Material provided »
---------------

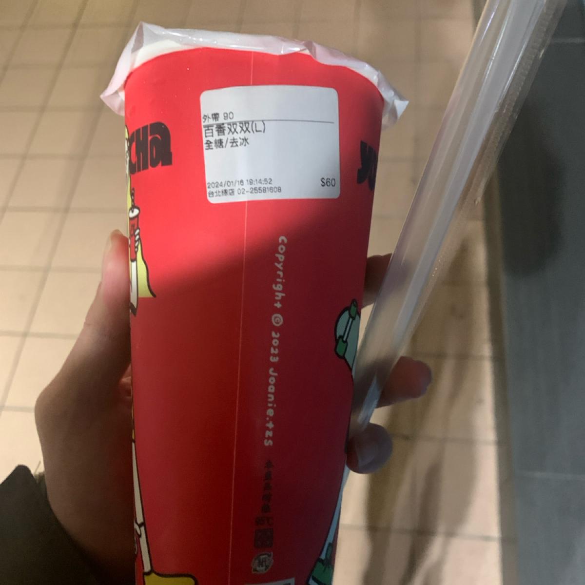 一家在地下街Y區出口的飲料店,門口對面就有個小公園,這次點了一杯百香双双,類似於其他手搖店的百香雙Q,在百香綠中加椰果跟珍珠,酸甜中可以吃到Q彈的料很讚,另外這家店很多飲料品項名稱都蠻特別的,在點餐前可以看一下菜單下都有寫裡面到底是什麼
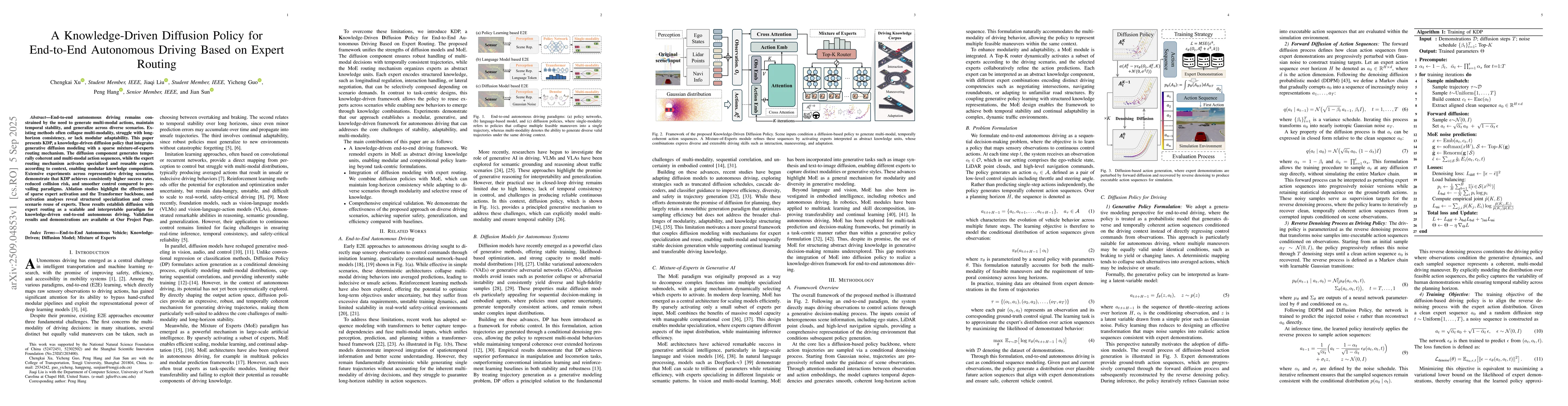 End-to-end autonomous driving remains constrained by the need to generate multi-modal actions, maintain temporal stability, and generalize across diverse scenarios. Existing methods often collapse multi-modality, struggle with long-horizon consistency, or lack modular adaptability. This paper presents KDP, a knowledge-driven diffusion policy that integrates generative diffusion modeling with a sparse mixture-of-experts routing mechanism. The diffusion component generates temporally coherent and multi-modal action sequences, while the expert routing mechanism activates specialized and reusable experts according to context, enabling modular knowledge composition. Extensive experiments across representative driving scenarios demonstrate that KDP achieves consistently higher success rates, reduced collision risk, and smoother control compared to prevailing paradigms. Ablation studies highlight the effectiveness of sparse expert activation and the Transformer backbone, and activation analyses reveal structured specialization and cross-scenario reuse of experts. These results establish diffusion with expert routing as a scalable and interpretable paradigm for knowledge-driven end-to-end autonomous driving.
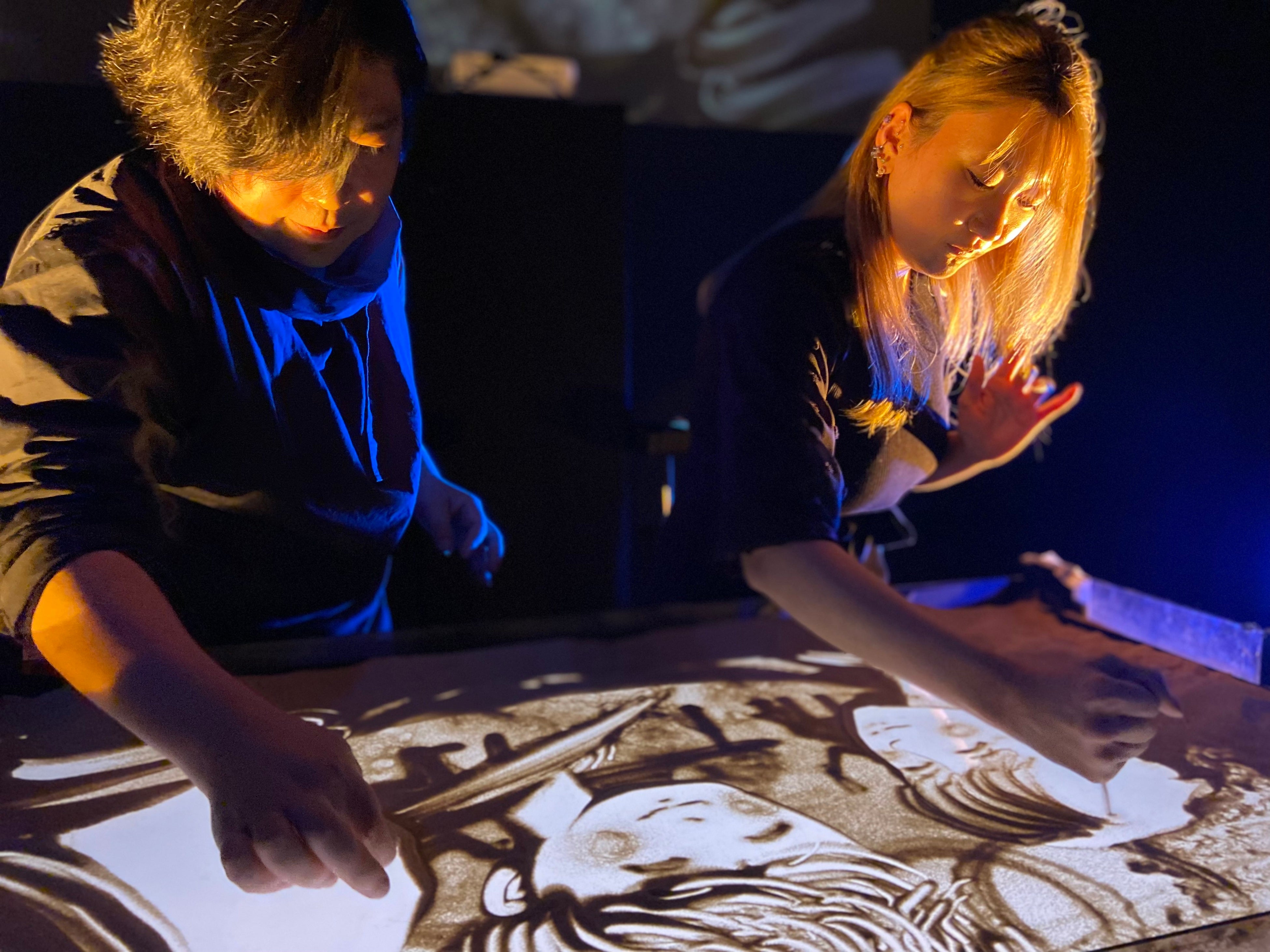 筆などは使わず、手だけで描かれる砂の絵。砂絵が様々に変化しながら
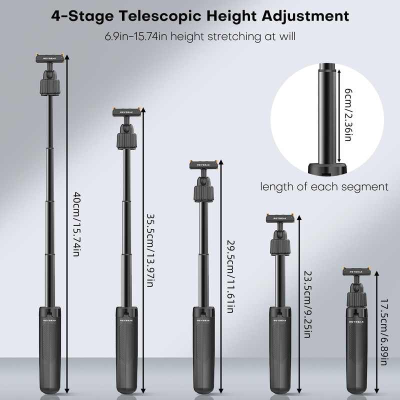 - Ready for any shooting scenario with built-in tripod at the bottom. The ball joint design at the top allows for quick and convenient adjustment.

---------------

Directions for this task » Return every line shown above without changing a word, and skip the pictures.

Response to this task »
 一家在地下街Y區出口的飲料店,門口對面就有個小公園,這次點了一杯百香双双,類似於其他手搖店的百香雙Q,在百香綠中加椰果跟珍珠,酸甜中可以吃到Q彈的料很讚,另外這家店很多飲料品項名稱都蠻特別的,在點餐前可以看一下菜單下都有寫裡面到底是什麼
 End-to-end autonomous driving remains constrained by the need to generate multi-modal actions, maintain temporal stability, and generalize across diverse scenarios. Existing methods often collapse multi-modality, struggle with long-horizon consistency, or lack modular adaptability. This paper presents KDP, a knowledge-driven diffusion policy that integrates generative diffusion modeling with a sparse mixture-of-experts routing mechanism. The diffusion component generates temporally coherent and multi-modal action sequences, while the expert routing mechanism activates specialized and reusable experts according to context, enabling modular knowledge composition. Extensive experiments across representative driving scenarios demonstrate that KDP achieves consistently higher success rates, reduced collision risk, and smoother control compared to prevailing paradigms. Ablation studies highlight the effectiveness of sparse expert activation and the Transformer backbone, and activation analyses reveal structured specialization and cross-scenario reuse of experts. These results establish diffusion with expert routing as a scalable and interpretable paradigm for knowledge-driven end-to-end autonomous driving.
 筆などは使わず、手だけで描かれる砂の絵。砂絵が様々に変化しながら
 - Ready for any shooting scenario with built-in tripod at the bottom. The ball joint design at the top allows for quick and convenient adjustment.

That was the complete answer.